Post

Working With AI When It's Frustrating: Lessons from a VXLAN Investigation

What a multi-hop PXE failure taught me about managing AI as a troubleshooting partner — not a magic solution.

Working With AI When It's Frustrating: Lessons from a VXLAN Investigation

The moment it clicked wasn’t when we found the bug.

It was twenty minutes later, after we’d narrowed down the misconfigured VNI mapping and I told Copilot: “Run the full investigation again.” Setup, credential pull, device audit, parallel captures across two switches and a Windows PXE server, PXE boot trigger, collect, merge, analyze. The whole sequence. It just… did it. Hands-free. While I grabbed coffee.

That’s the ROI of working AI into a troubleshooting workflow. Not the first time — the tenth time.
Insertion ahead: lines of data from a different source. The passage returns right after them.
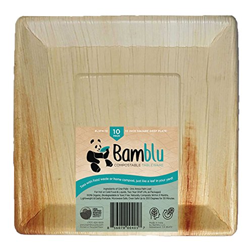 Studio : Bamblu Publisher : Bamblu Binding : Kitchen Product Description Bamblu palm leaf disposable plates are chic, cool and 100% self-sustaining, organic and biodegradable. Each plate will vary from light beige color to a dark brown color. For hot or cold foods, solids or liquids and lighter than bamboo or wood tableware, they're very sturdy holding up to 20 times their own weight. Ideal for portable camping gear, rv camping supplies, long hikes or a travel emergency kit in your car. Use for indoor or outdoor dining and picnics, buffet dining, snacks or hors d'oeuvres. Earthen palm leaf plates accentuate a wide variety of styles for wedding dinner menus, birthday party themes, and really should be on your tailgate party list after using, simply toss in the trash with food waste or home compost and produce nutrient rich soil within two to three months. Cows and sheep have been known to love them, too use of eco-conscious products underlines your commitment to eco-conscious living to your guests or your customers. Reusable, though designed for one use. May be gently washed with soapy brush and water. Do not immerse in water, dry flat upside down. Remember, it is a leaf cases are packaged in packs of ten (10) in food grade shrink film, protecting against warpage and have a two year shelf life, as packaged. Store in a dry location. Best practice is to keep packages sealed until ready to use. How they are made ~ when you see the Bamblu panda, you know your tableware is of consistent quality and shape as all are produced in one factory. If not harvested and made into disposable tableware, these palm leaves would likely have been collected and burned, polluting the air. A completely renewable resource, dry and fallen areca palm leaves are collected, pressure washed, scrubbed, sundried, and compressed. Finally, all are sterilized. Only water is used in the shaping and sterilizing process and nothing is added. Excess water is re-used for agriculture and leftover pieces of leaves are composted. Truly, from earth to table and back . 0
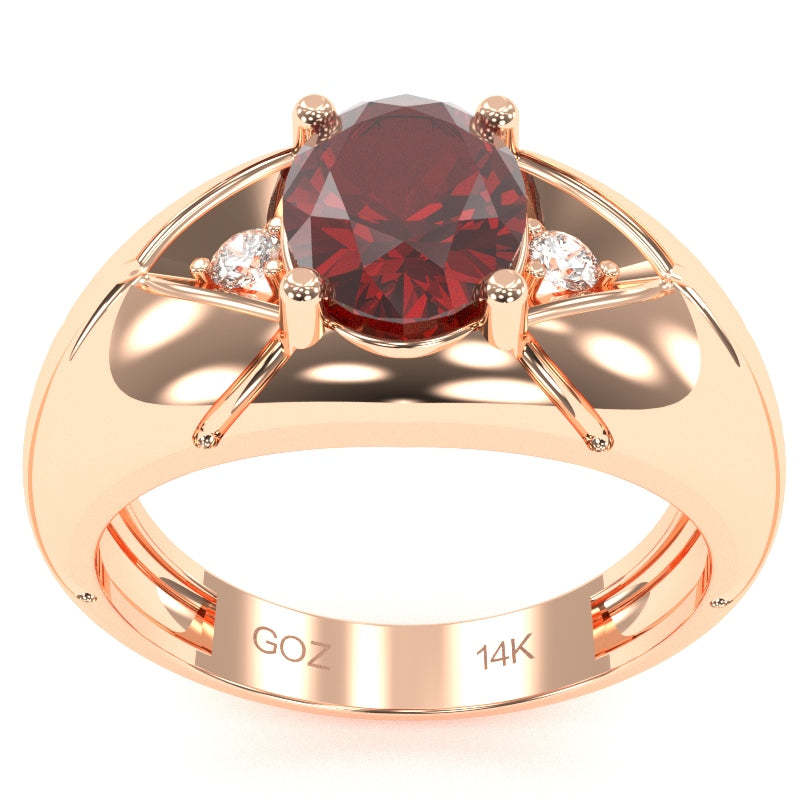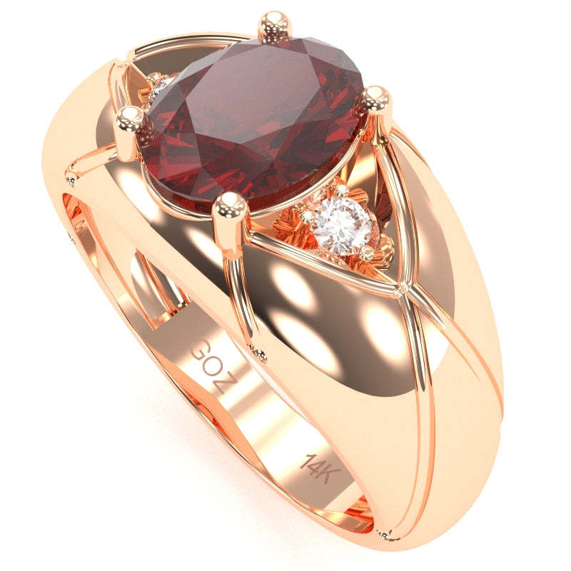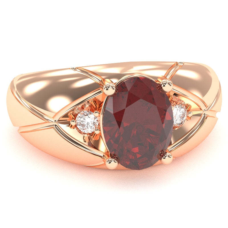 Treat yourself or your partner to a very cool, symmetrical shapes designer lab-created ruby and diamond ring. This men's ring is crafted in solid 14k rose gold with an oval center stone surrounded by 2 bright diamonds with distinct symmetrical groves on all sides of the ring. A matching women's ring is available exclusively at Gems Of Zodiac!
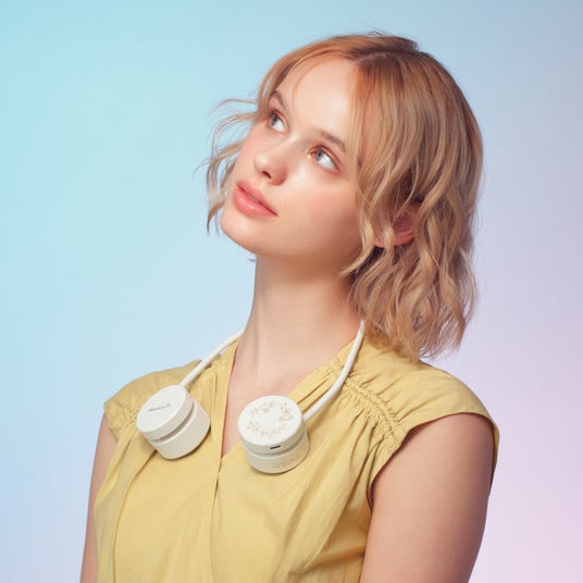 手ぶらで涼しく、両手が自由に使える首掛けタイプのネックファン。髪を巻き込みにくい羽根なし設計。ネックバンドはくるくる巻いてコンパクトに収納でき、持ち運びに便利なポーチ付きです。
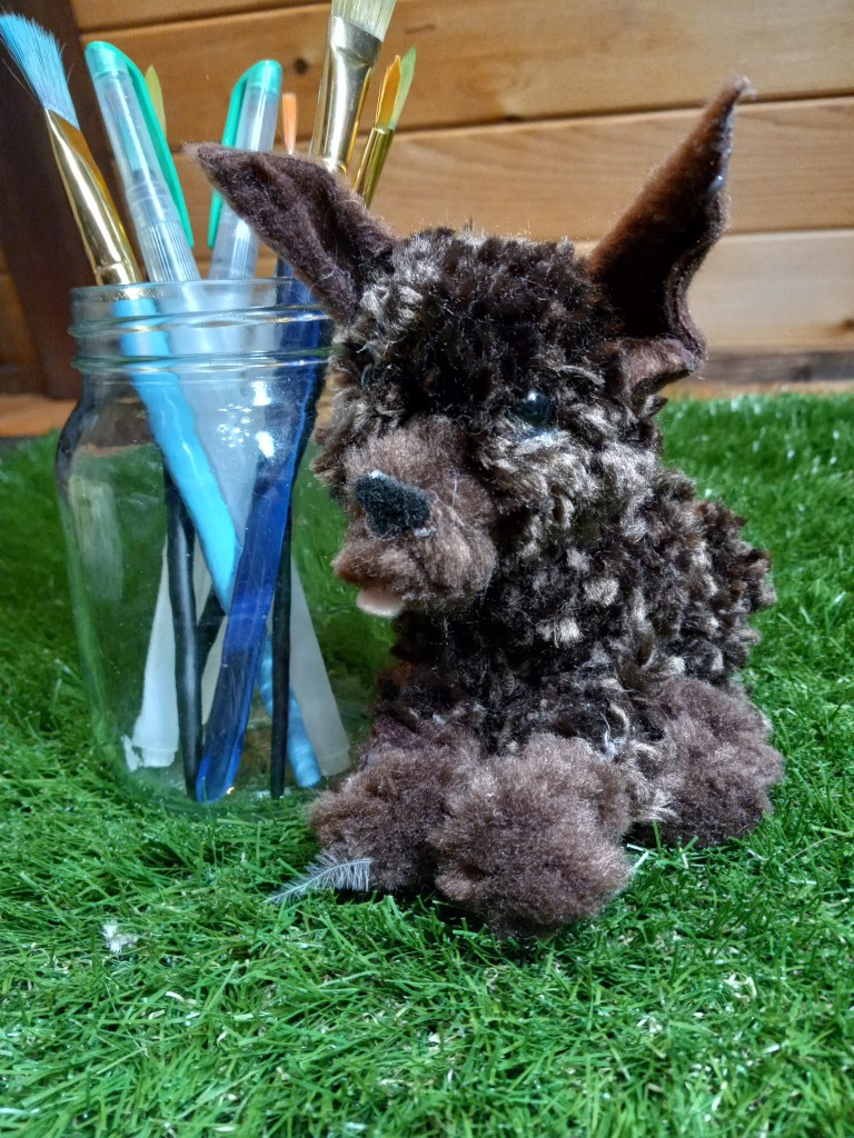 These little guys are created mostly from wool, yarn, hot glue, and beads. Pompom puppies originally got me into crafts and art from a Klutz pom-pom puppy-making kit. From there I’ve expanded the basic build to more realistic creatures. Later on, I took up felting, and from there it really exploded.
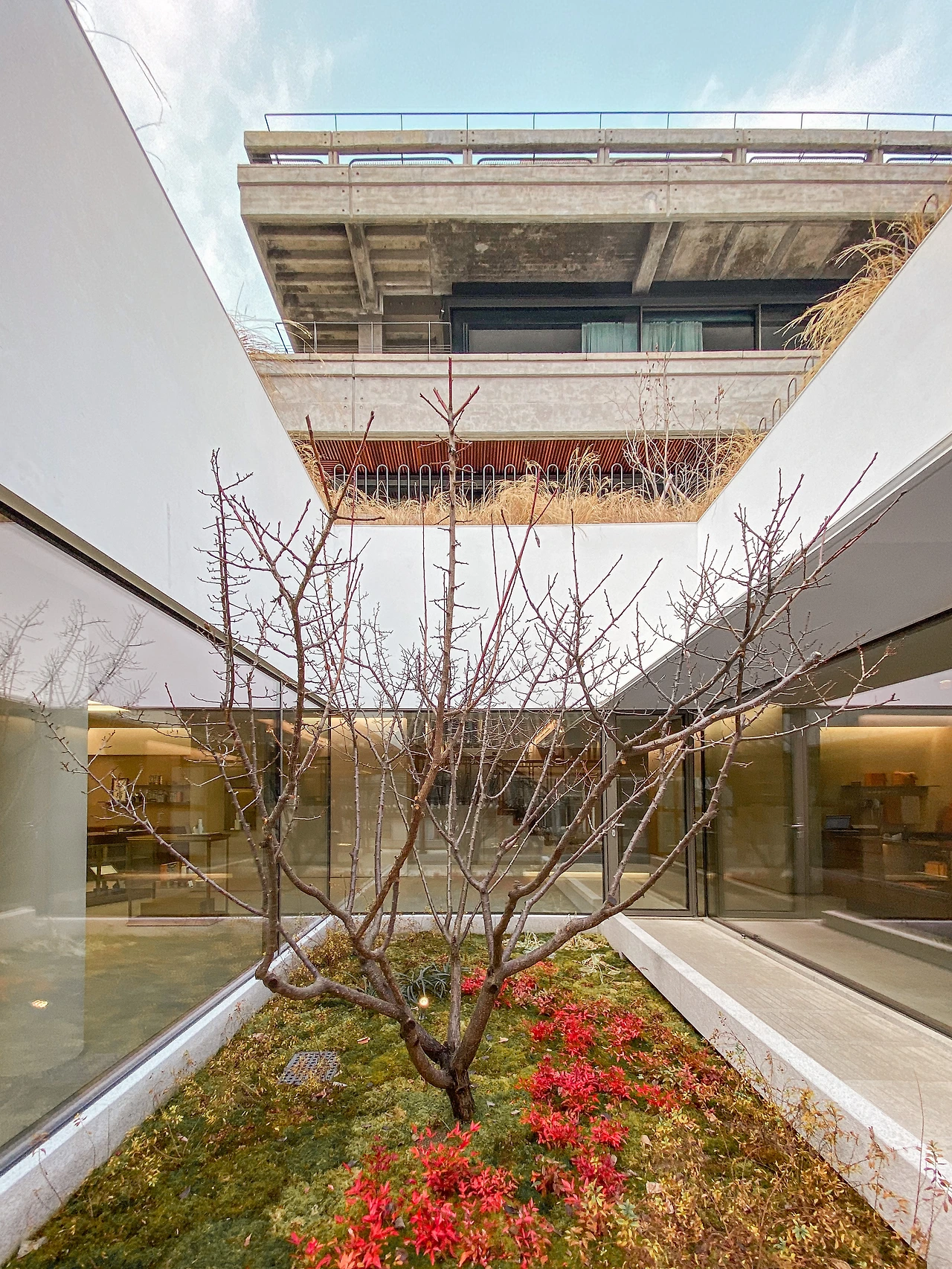 백색 건물의 중정을 통해 들어오는 빛은 지하를 쾌적하게 하고 사람들의 동선과 시선을 유도한다. 중정을 만들면서 튀어나온 건물의 덩어리가 양옥 1층의 테라스를 만들어 시각적으로도 한옥과 연장선에 있음을 알린다. 그리고 한 단, 한 단씩 놓인 내부 공간 구성은 사람들을 매끄럽게 양옥으로 이동할 수 있게 해주기에, 이곳에서 단의 역할은 크다.

Not building the thing, but running it again after each change — and again after the next one. That’s where the math works out. But getting there? That part was a slog, and I want to be honest about what it actually looked like.


What We Were Investigating

PXE boot failure in a VXLAN leaf-spine fabric. A target node was sitting at a PXE ROM prompt with no DHCP offer. All the usual suspects looked clean — tunnels up, DHCP scope healthy, leaf port allocated. Somewhere in the overlay, the BOOTP traffic was getting lost.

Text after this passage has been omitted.